Kompass Event-Driven architecture acts as the nervous system of your robot. It allows you to define self-healing strategies through component Fallbacks, and to decouple monitoring (Events) from execution and responses (Actions), enabling you to define complex behaviors declaratively without writing brittle if/else chains inside your component code.
1. Fallbacks (Self-Healing)¶
Fallbacks are the Self-Healing Mechanism of a component.

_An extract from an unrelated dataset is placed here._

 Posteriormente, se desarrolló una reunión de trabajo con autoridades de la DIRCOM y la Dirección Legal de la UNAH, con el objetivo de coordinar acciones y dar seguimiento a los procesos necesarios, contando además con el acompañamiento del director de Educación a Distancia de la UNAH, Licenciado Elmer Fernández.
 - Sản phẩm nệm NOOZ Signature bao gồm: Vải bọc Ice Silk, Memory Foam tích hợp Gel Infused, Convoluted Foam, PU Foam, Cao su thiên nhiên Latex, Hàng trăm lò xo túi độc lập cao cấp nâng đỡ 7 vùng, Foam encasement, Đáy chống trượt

They define the specific set of Actions to execute automatically when a failure is detected in the component’s Health Status.

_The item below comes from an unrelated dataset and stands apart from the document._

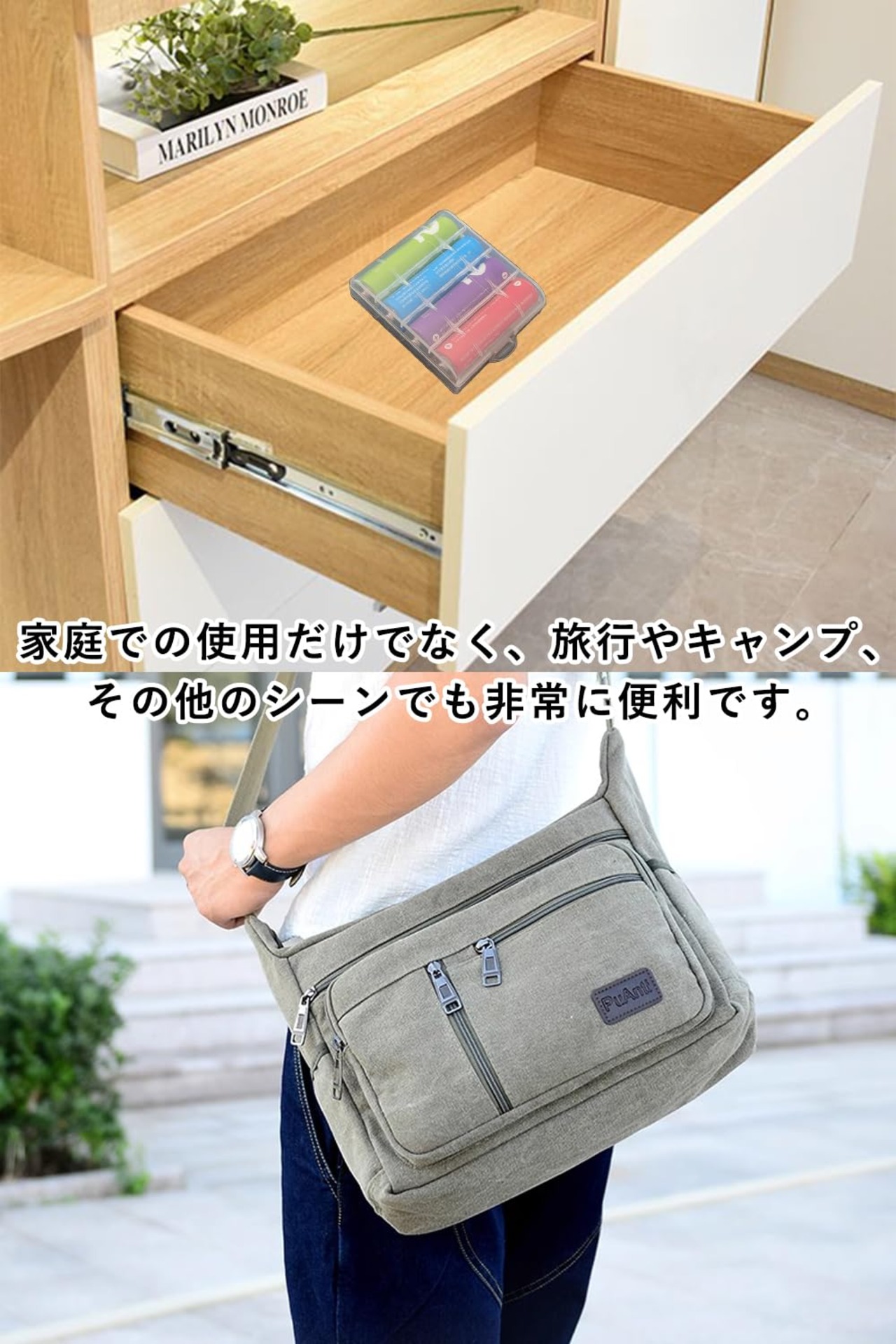 棚、引き出し、工具箱、ポケット、バックパックに入れることができ、持ち運びに便利な電池用ケースです。

Instead of crashing or freezing when an error occurs, a Component can be configured to attempt intelligent recovery strategies:
Algorithm failed? \(\rightarrow\) Switch to a simpler backup.
Sensor data not available? \(\rightarrow\) Consume a different input source.
Plugin timeout? \(\rightarrow\) Restart the node.
The Recovery Hierarchy¶
When a component reports a failure, the system checks for a registered fallback strategy in a specific order of priority:
System Failure (
on_system_fail): External context is broken (e.g., missing inputs).Component Failure (
on_component_fail): Internal crash or hardware disconnect.Algorithm Failure (
on_algorithm_fail): The logic ran but couldn’t solve the problem.Catch-All (
on_fail): Generic safety net.
Events (The Triggers)¶
An Event monitors one or more ROS2 Topics and evaluates a logical condition in real-time. When the condition is met, the Event fires.
Defining Events¶
Using the API’s fluent, Pythonic syntax you can access message attributes and define triggers using standard comparison operators.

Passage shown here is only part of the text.